Infatti, la "Ratifica ed esecuzione del Trattato di amicizia, partenariato e cooperazione tra la Repubblica italiana e la Grande Giamahiria araba libica popolare socialista, fatto a Bengasi il 30 agosto 2008", approvato alla Camera il 3 febbraio del 2009 sanciva alcuni punti fondamentali nel rappporto italo – libico, al di là della forma ufficiale che recitava:
Il Trattato, volto al rafforzamento della pace, della sicurezza e della stabilità nell'area del Mediterraneo, impegna le parti a non ricorrere alla minaccia o all'impiego della forza, a non ingerire negli affari interni, a ricercare soluzioni pacifiche delle controversie e a rispettare i diritti umani e le libertà fondamentali. L'Italia contribuirà alla realizzazione di progetti infrastrutturali, i cittadini italiani espulsi in passato potranno ottenere visti di ingresso in Libia senza limitazioni e sarà cercata una soluzione per i crediti vantati dalle aziende italiane.

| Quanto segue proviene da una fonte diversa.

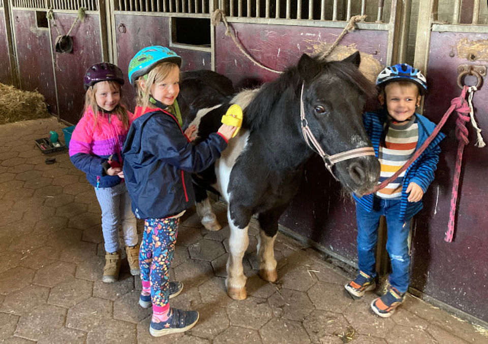 Seit diesem Jahr ist auch das Shetlandpony „Moritz“ mit Julia Schlechte dabei. Die Idee, Kinder durch den Kontakt mit dem Pferd zu fördern, ist vor einigen Jahren entstanden: „Es ist beachtlich, was sich die Kleinen zutrauen, gerade im Umgang mit dem großen Pferd“ so die Kindergartenleiterin Katrin Röhling. Die Kinder bekommen hier die Möglichkeit, spielerisch mit dem Pferd Kontakt aufzunehmen und Verantwortung für ihren Partner zu übernehmen. Dazu gehören auch Verhaltensregeln, Fütterung, Pflege und das Führen der Pferde. Bevor die Kinder sich wieder auf dem Rückweg zum Kindergarten machen, bekommen „Henry“ und „Moritz“, ihr verdientes Lob, Streicheleinheiten und ein Leckerli.
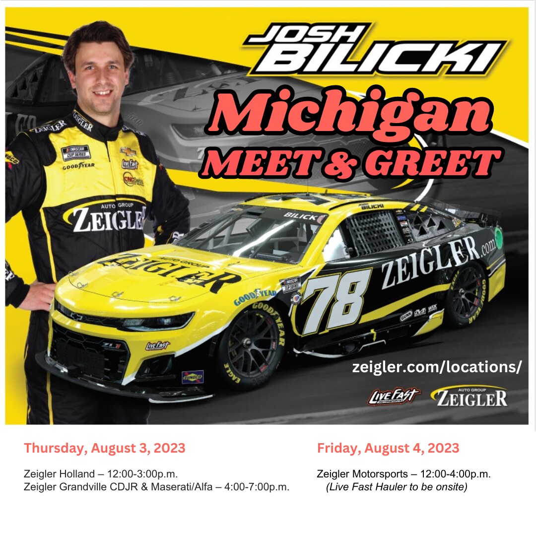 Zeigler Auto Group today announced that its No. 78 Camaro, driven by Josh Bilicki, will be back at Michigan International Speedway for the FireKeepers Casino 400 on Sunday, August 6, 2023 at 2:30p.m. Zeigler will also be hosting free Meet & Greets for Bilicki at three of its Michigan locations. The first stop will be at its newly acquired Zeigler Holland complex on Thursday, August 3 from noon to 3:00 p.m.; and Zeigler CDJR from 4:00 p.m. to 7:00 p.m. The Friday Meet & Greet will take place at Zeigler Motorsports from noon to 4:00 p.m. and will feature the Live Fast Motorsports No. 78 hauler.
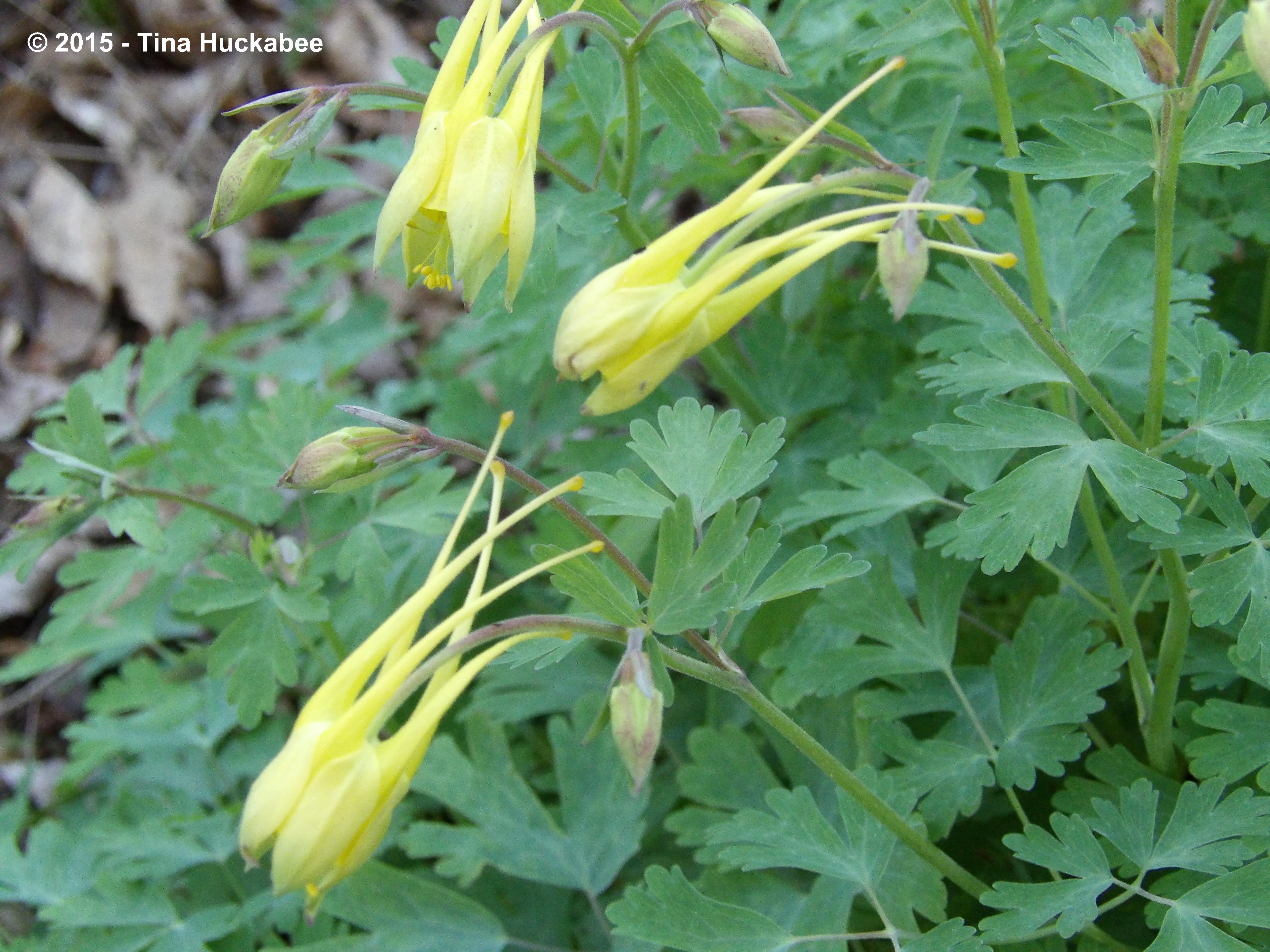 …and the smaller, grayer-leafed, Wild Red Columbine, Aquilegia canadensis.
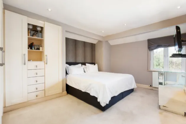 Bedroom 1 3.62m x 5.93m Double room, carpet flooring, window to front, recessed lighting, fitted wardrobes.
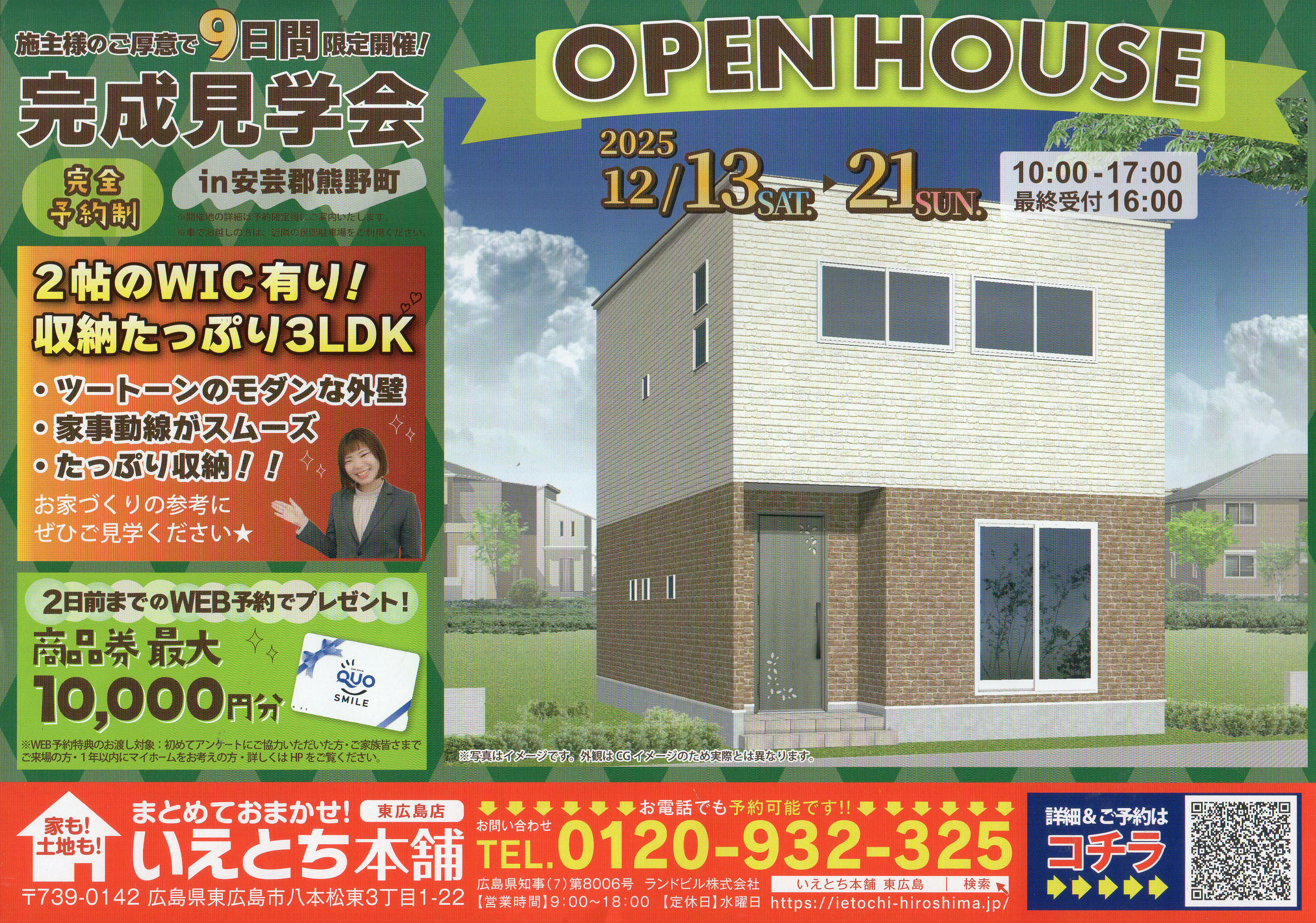 熊野町で収納充実の3LDK見学会を開催します。黒瀬町では親子で楽しめる住宅フェアも同時開催。どちらも完全予約制で、WEB予約特典もあります。年内に住まい探しを進めたい方に最適です。

In buona sostanza risarcimenti economici ed un prestigioso riconoscimento internazionale in cambio del "contrasto" all'immigrazione verso le coste italiane (senza curarsi delle denunce delle ong sulla barbarie delle carceri libiche) e soprattutto dell'incremento degli interessi delle grandi aziende italiane in Libia. Davvero troppo per essere cancellati da una semplice "nota spontanea" ed insomma, come riporta il Post:
Certo, ci sono i buoni rapporti diplomatici. Certo, ci sono gli interessi nazionali. Certo, c’è la vicinanza geografica. Ma alla fine della catastrofe libica di cui il colonnello Gheddafi si sta rendendo responsabile e suo figlio Saif complice, ci saranno paesi del mondo che potranno essere fieri di non avere foto come queste da nascondere, e paesi che invece no.